Read El ciclo de Tschai Online
Authors: Jack Vance
Con la unidad de supervivencia colgando a su espalda, Reith siguió al joven que trepaba por las aceitosas ramas verdes de un árbol.
—Más arriba —dijo Traz—. El animal puede dar saltos enormes.
Apareció el berl: un ágil monstruo amarronado con una maligna cabeza de jabalí hendida por una enorme boca. De su cuello brotaban un par de largos brazos terminados en grandes manos córneas que mantenía por encima de su cabeza. Parecía estar pendiente de las llamadas de los guerreros, y no dedicó a Traz y Reith más que una rápida mirada hacia las alturas. Reith pensó que nunca antes había visto tanta maldad reunida en un rostro.
—Es ridículo. No es más que un animal...
La criatura desapareció en el bosque; un momento más tarde los sonidos de la persecución se interrumpieron bruscamente.
—Han olido al berl —dijo Traz—. Aprovechemos la ocasión.
Bajaron del árbol y huyeron hacia el norte. Desde atrás les llegaron gritos de horror, un gruñido gutural, el rechinar de mandíbulas.
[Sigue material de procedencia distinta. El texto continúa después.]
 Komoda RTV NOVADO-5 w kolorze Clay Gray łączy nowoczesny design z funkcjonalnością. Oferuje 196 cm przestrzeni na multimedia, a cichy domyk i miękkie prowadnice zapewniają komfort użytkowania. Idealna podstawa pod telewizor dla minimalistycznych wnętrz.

—Estamos a salvo de los Emblemas —dijo Traz con voz hueca—.
Los
que sobrevivan huirán. —Clavó en Reith unos turbados ojos—. Cuando vuelvan al campamento no habrá Onmale. ¿Qué ocurrirá? ¿Morirá la tribu?
—No lo creo —dijo Reith—. Los magos sabrán qué hacer.
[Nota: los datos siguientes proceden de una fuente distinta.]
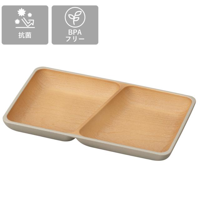 ランチプレート earth color 抗菌 スクエア 2枚入 ( BPAフリー 電子レンジ対応 食洗機対応 日本製 プレート お皿 皿 24cm おしゃれ かわいい シンプル 仕切り皿 ランチ皿 ワンプレート 軽い 割れにくい 丈夫 2つ仕切り )

Finalmente salieron del bosque. La estepa se extendía llana y vacía, bañada por una aromática luz color miel. Reith preguntó:
—¿Qué hay al oeste de nosotros?
—El Aman Occidental y el país de los Viejos Chasch. Luego los altos de Jang. Más allá están los Chasch Azules y el golfo de Aesedra.
—¿Y al sur?
—Las marismas. Allá viven los hombres de las marismas, en balsas. Son distintos de nosotros: gente pequeña y amarilla con ojos blancos. Crueles y astutos como los Chasch Azules.
—¿No tienen ciudades?
—No. Las ciudades están allí —Traz hizo un gesto vago hacia el norte—, todas en ruinas. Hay viejas ciudades por todas partes en las estepas. Están encantadas, y los Phung viven entre sus ruinas.
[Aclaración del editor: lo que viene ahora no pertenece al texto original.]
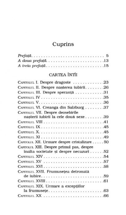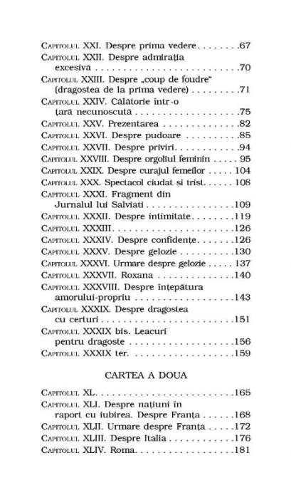 In traducerea lui Gellu Naum La treizeci si cinci de ani, Stendhal o cunoaste pe Matilde Dembowski, de care se indragosteste fulgerator. Respins de femeia adorata, isi propune sa scrie o carte in care sa faca o analiza „exacta si stiintifica” a iubirii. Astfel ia nastere eseul Despre dragoste. Pornind de la o tipologie a iubirii cu patru categorii – iubirea-pasiune, iubirea-capriciu, iubirea fizica si iubirea din vanitate –, Stendhal descrie procesul de „cristalizare” prin care indragostitul ajunge la „iubirea perfecta”. Rezultatul este o carte unde consideratiile obiective au pe alocuri o profunda amprenta personala, unde poezia si anecdota se impletesc cu psihologia, iar vocea filozofului e acompaniata de aceea a indragostitului.

Reith hizo más preguntas relativas a la geografía y a la vida de Tschai, descubriendo que los conocimientos de Traz eran muy incompletos. Los Dirdir y los Hombres-Dirdir vivían más allá del mar; dónde, no era muy seguro. Había tres tipos de Chasch: los Viejos Chasch, los decadentes restos de una raza en su tiempo poderosa, y ahora concentrados en torno a los altos de Jang; los Chasch Verdes, nómadas de la Estepa Muerta; y los Chasch Azules. Traz detestaba a todos los Chasch indiscriminadamente, aunque nunca había visto a los Viejos Chasch.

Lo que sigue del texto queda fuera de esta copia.